▶ _MATERIAL FOR THIS TASK_

━━━━━━━━━━

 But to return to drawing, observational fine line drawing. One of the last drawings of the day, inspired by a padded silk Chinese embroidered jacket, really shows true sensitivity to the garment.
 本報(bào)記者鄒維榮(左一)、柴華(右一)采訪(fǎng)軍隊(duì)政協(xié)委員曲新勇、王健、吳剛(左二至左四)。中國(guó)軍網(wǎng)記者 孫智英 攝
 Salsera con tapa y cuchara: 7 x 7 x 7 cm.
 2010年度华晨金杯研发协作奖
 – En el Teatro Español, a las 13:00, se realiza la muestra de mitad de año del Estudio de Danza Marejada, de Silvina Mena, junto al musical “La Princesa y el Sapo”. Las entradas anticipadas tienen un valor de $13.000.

━━━━━━━━━━

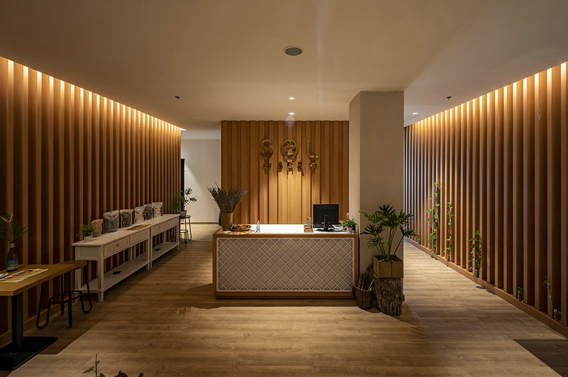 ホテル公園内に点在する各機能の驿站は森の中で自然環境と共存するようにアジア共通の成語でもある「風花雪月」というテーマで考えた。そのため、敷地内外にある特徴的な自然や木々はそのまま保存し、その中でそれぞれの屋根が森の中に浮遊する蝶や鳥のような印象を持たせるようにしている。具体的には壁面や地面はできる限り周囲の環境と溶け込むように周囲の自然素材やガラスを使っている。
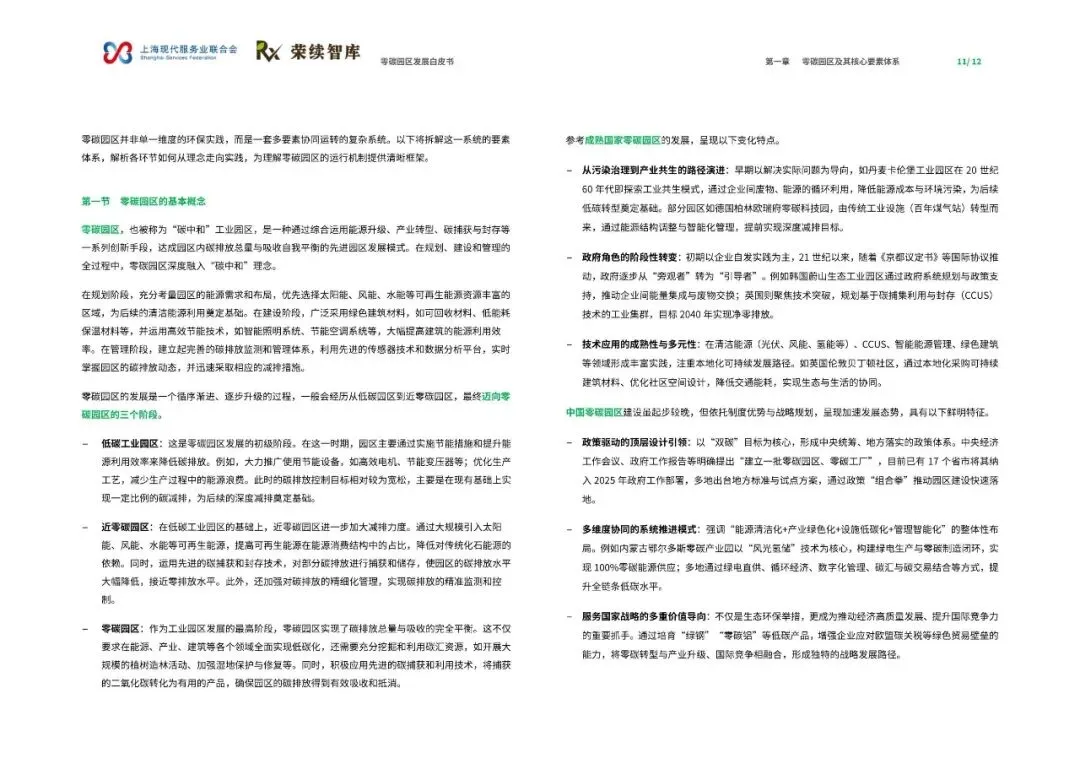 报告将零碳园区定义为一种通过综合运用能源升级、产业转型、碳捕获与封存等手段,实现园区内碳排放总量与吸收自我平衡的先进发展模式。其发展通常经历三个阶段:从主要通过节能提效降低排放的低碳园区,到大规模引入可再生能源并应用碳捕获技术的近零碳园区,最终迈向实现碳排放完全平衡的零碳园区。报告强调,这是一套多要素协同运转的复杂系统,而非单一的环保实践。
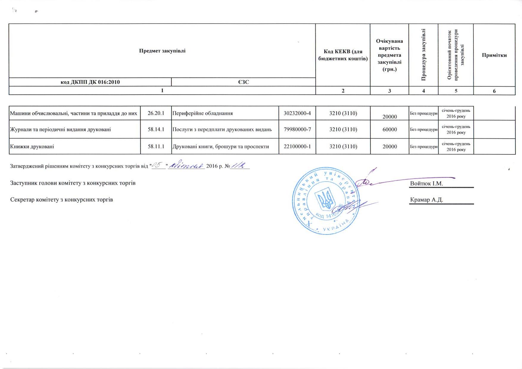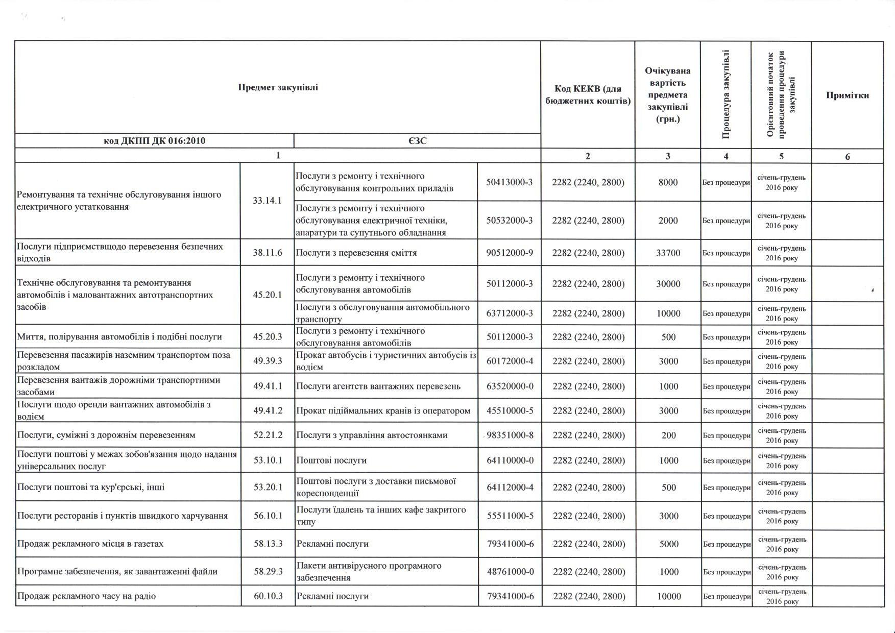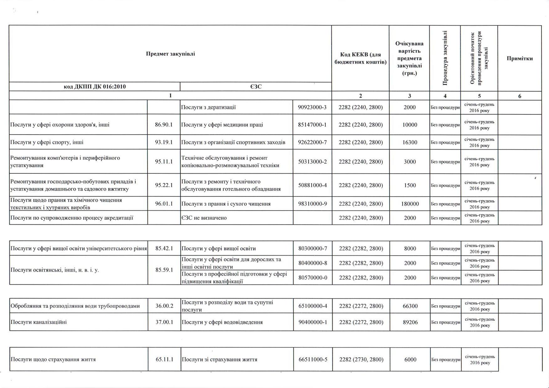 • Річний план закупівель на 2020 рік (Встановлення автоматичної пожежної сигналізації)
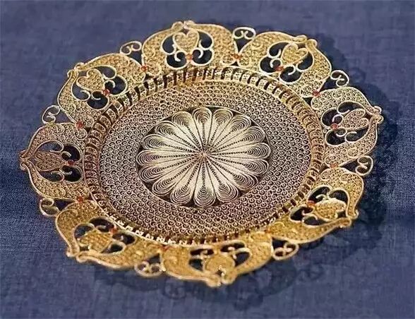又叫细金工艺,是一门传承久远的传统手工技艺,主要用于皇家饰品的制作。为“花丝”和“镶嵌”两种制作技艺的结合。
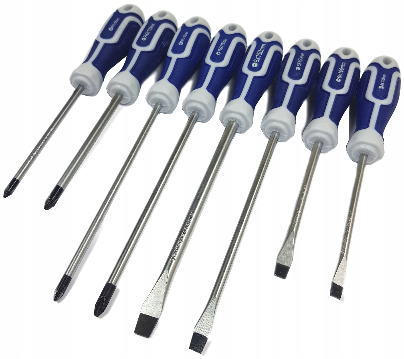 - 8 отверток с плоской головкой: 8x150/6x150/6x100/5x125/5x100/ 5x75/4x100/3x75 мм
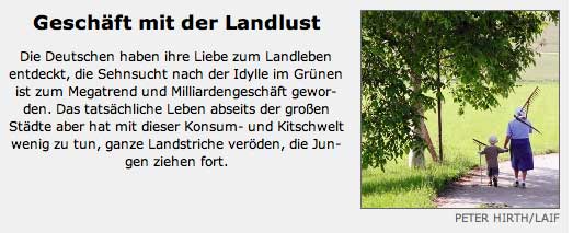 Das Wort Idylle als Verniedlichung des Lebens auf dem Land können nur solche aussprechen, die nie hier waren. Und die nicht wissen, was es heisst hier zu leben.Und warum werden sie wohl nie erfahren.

━━━━━━━━━━

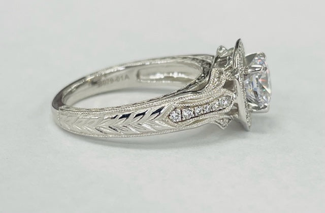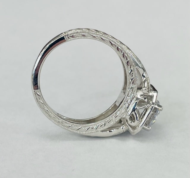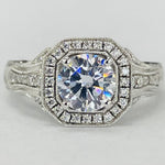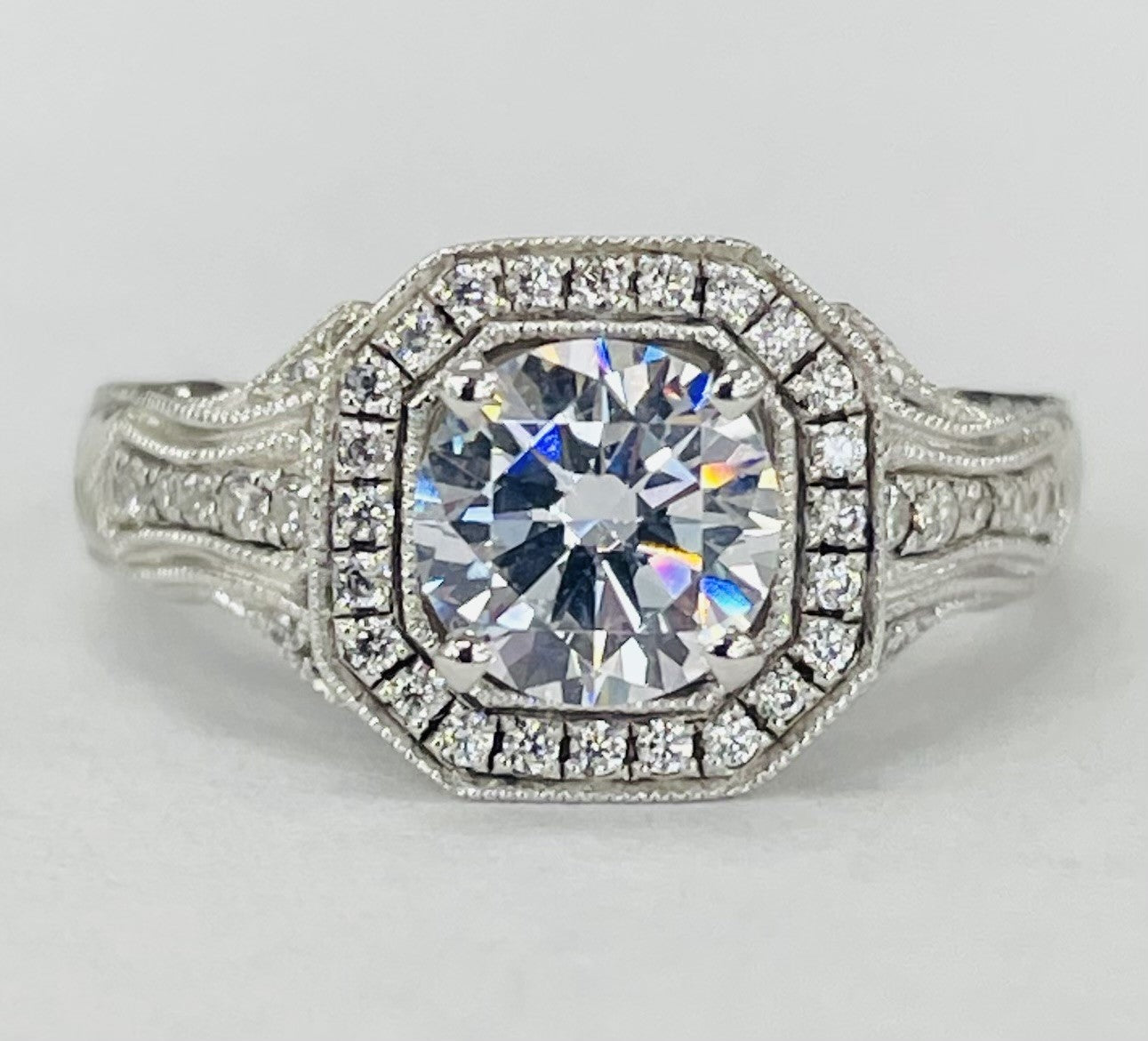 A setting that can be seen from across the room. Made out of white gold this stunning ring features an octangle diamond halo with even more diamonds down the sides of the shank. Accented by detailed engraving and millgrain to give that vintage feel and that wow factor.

━━━━━━━━━━

▶ _TASK DETAILS_
Everything from the line containing "But to return" through the line containing "valor de $13.000." in the material above should be retyped exactly, both ends included, and nothing more.

▶ _COMPLETED TASK_
 But to return to drawing, observational fine line drawing. One of the last drawings of the day, inspired by a padded silk Chinese embroidered jacket, really shows true sensitivity to the garment.
 本報(bào)記者鄒維榮(左一)、柴華(右一)采訪(fǎng)軍隊(duì)政協(xié)委員曲新勇、王健、吳剛(左二至左四)。中國(guó)軍網(wǎng)記者 孫智英 攝
 Salsera con tapa y cuchara: 7 x 7 x 7 cm.
 2010年度华晨金杯研发协作奖
 – En el Teatro Español, a las 13:00, se realiza la muestra de mitad de año del Estudio de Danza Marejada, de Silvina Mena, junto al musical “La Princesa y el Sapo”. Las entradas anticipadas tienen un valor de $13.000.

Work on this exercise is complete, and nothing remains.